The completed single-pixel circuit is shown in Figure 4. To provide a sufficient overdrive voltage swing for the avalanche photodiode (APD), the AQC is operated under a supply voltage of 5 V (\( V_{DD} \)), while the power supply for the other logical circuits is 1.8 V. Thus, a voltage level shift circuit for interconversion is needed. Via current-to-voltage conversion, a voltage pulse is established in a sensed resistor or capacitor [8]. For reducing the area and achieving a fast transient response, the small anode-to-ground intrinsic capacitance \( C_C \) of the InGaAs APD is directly utilized to sense the avalanche current triggered by the photon. If the amplitude of the sensed voltage exceeds over the critical point of the comparator, the rising edge of the STOP signal is immediately generated; thus, the inverted \( STOPb \) signal can be used to turn on the M3 for quickly increasing the potential of node IN to \( V_{DD} \). In this way, the APD is immediately cut off to quench the avalanche current. For improving the signal-to-noise ratio, the preset critical point of the comparator is usually defined by a reference voltage, which should be high enough to suppress the possible spurious triggering or noise triggering. For reducing the pixel area, a single-ended inverter is used as a simple comparator to estimate the sensed voltage level, where the critical transition point is slightly larger than the threshold voltage of the n-metal-oxide-semiconductor field-effect transistor (NMOSFET) if its size is significantly larger.

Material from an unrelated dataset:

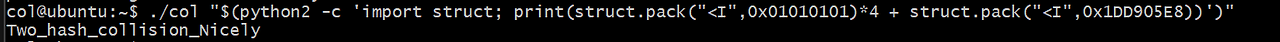 ./col "$(python2 -c 'import struct; print(struct.pack("<I",0x01010101)*4 + struct.pack("<I",0x1DD905E8))')" 를 입력하면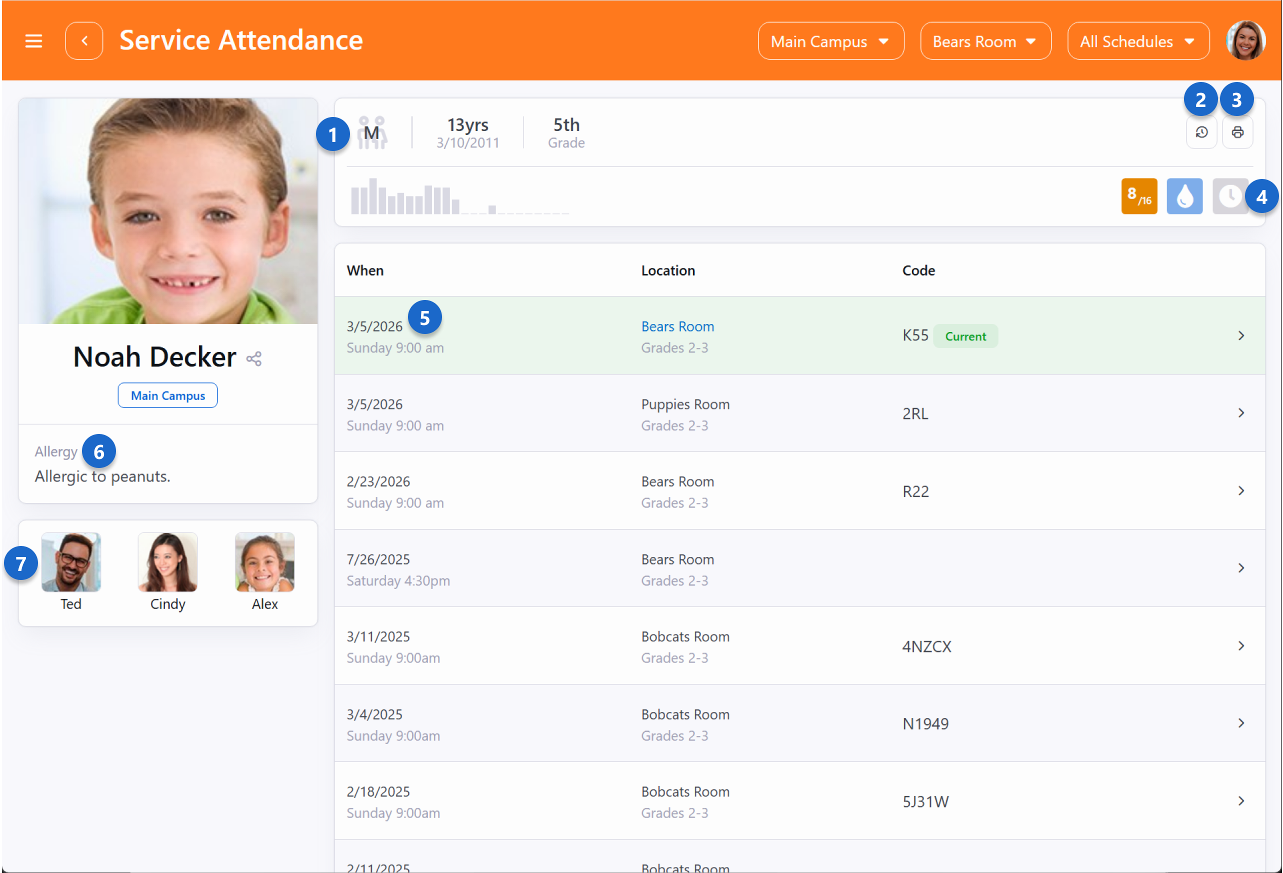 There are lots of ways you can get to the Check-in Manager Person Profile page. Whether you arrived here from a Search, from the Room Manager or from Live Metrics, there’s a lot to see and do on this page. Person Information - You can see the person's photo and campus to the left, as well as their gender, age and grade along the top of the page.Attendance History - Clicking this icon will take you to a page listing the changes that have been made to the person's check-in attendance data. For instance, you could use this page to track that the person switched rooms or had their attendance deleted.Reprint Labels - You won’t see this button if label reprinting is disabled. Otherwise, you can click here to reprint labels for the person. When you do, you’ll be asked to select which label(s) to print, and which printer should be used. See the Reprinting article for full details. Note that there is a "Reprint Labels" security option on the "Person Recent Attendances" block that allows for finer control over which roles can see the re-print label button.Badge Bar - By accessing the block settings for this page, you can select badges to display on either the left or right side of the bar. In this example we're showing attendance, baptism, and more that you can't see because they don't apply to Noah. This bar can tell you a lot about a person, quickly and easily.Check-in History - The center of the page shows the person's check-in history, including the Current check-in and past check-ins from other services. In this example, you can click on the Bears Room link in the Current row to access the Room Roster. Clicking the row itself reveals attendance details and allows for updates or deletion. When you edit the attendance record, you can update the person's check-in and check-out dates and times if enabled in the Attendance Detail's block settings.Person Attributes - If enabled in the block's settings, you can choose to display person attribute data for a given category. Separate categories can be selected for children and adults. You'll probably want to select the same person attribute category that is used on the Roster page (e.g., Check-in Manager Roster Attributes).Family Members - Each family member for the person being viewed is displayed here. Click on any family member to view the Check-in Manager profile for that person. You'll find there are more features for parents, as noted here. In this example there isn’t any contact information for the children, but phone numbers and emails for the parents will be displayed on their profile. In the person profile's block settings, there's an option to Share Person. If this feature is enabled, you'll see the share icon (ti ti-share) next to the person's name. Clicking the icon will generate a link that can be shared to edit that person's profile. This is great for situations where a room attendant needs to send the individual to a roaming staff person in order to quickly edit the person's record in Rock.

In the two-segment TDC structure, the pixel-exclusive high-segment TDC is composed of an 11-bit LFSR, which includes a DFF chain and a feedback control loop. The loop closed by the XNOR gate according to the primitive polynomial, which can provide the total pseudo-random count up to \( 2^{11} - 1 \).
states (all “1” outputs are banned). The low-segment 1-bit TDC is implemented by a globally shared two-phase high-frequency clock signal HCK, and the DFF0 used to latch the data of the 1-bit TDC should be located in each individual pixel. The high-segment and low-segment TDCs are connected through multiplexer (MUX1). By simply breaking off the feedback loop, the LFSR can immediately shift from the counter mode to the data latching/series transmission mode. The data of the LFSR are transmitted to the outside of the chip, and static decoding is performed via the look-up table method; thus, the bit error rate is almost zero. Thus, as comparison with the binary synchronous counter, the dual-mode LFSR can significantly reduce the pixel area, the data-latching time, and the data error rate. To improve the frame clock frequency, the total array is divided into several uniform subsections for parallel data transportation, where the pixel data in each blocks are serially transported outside.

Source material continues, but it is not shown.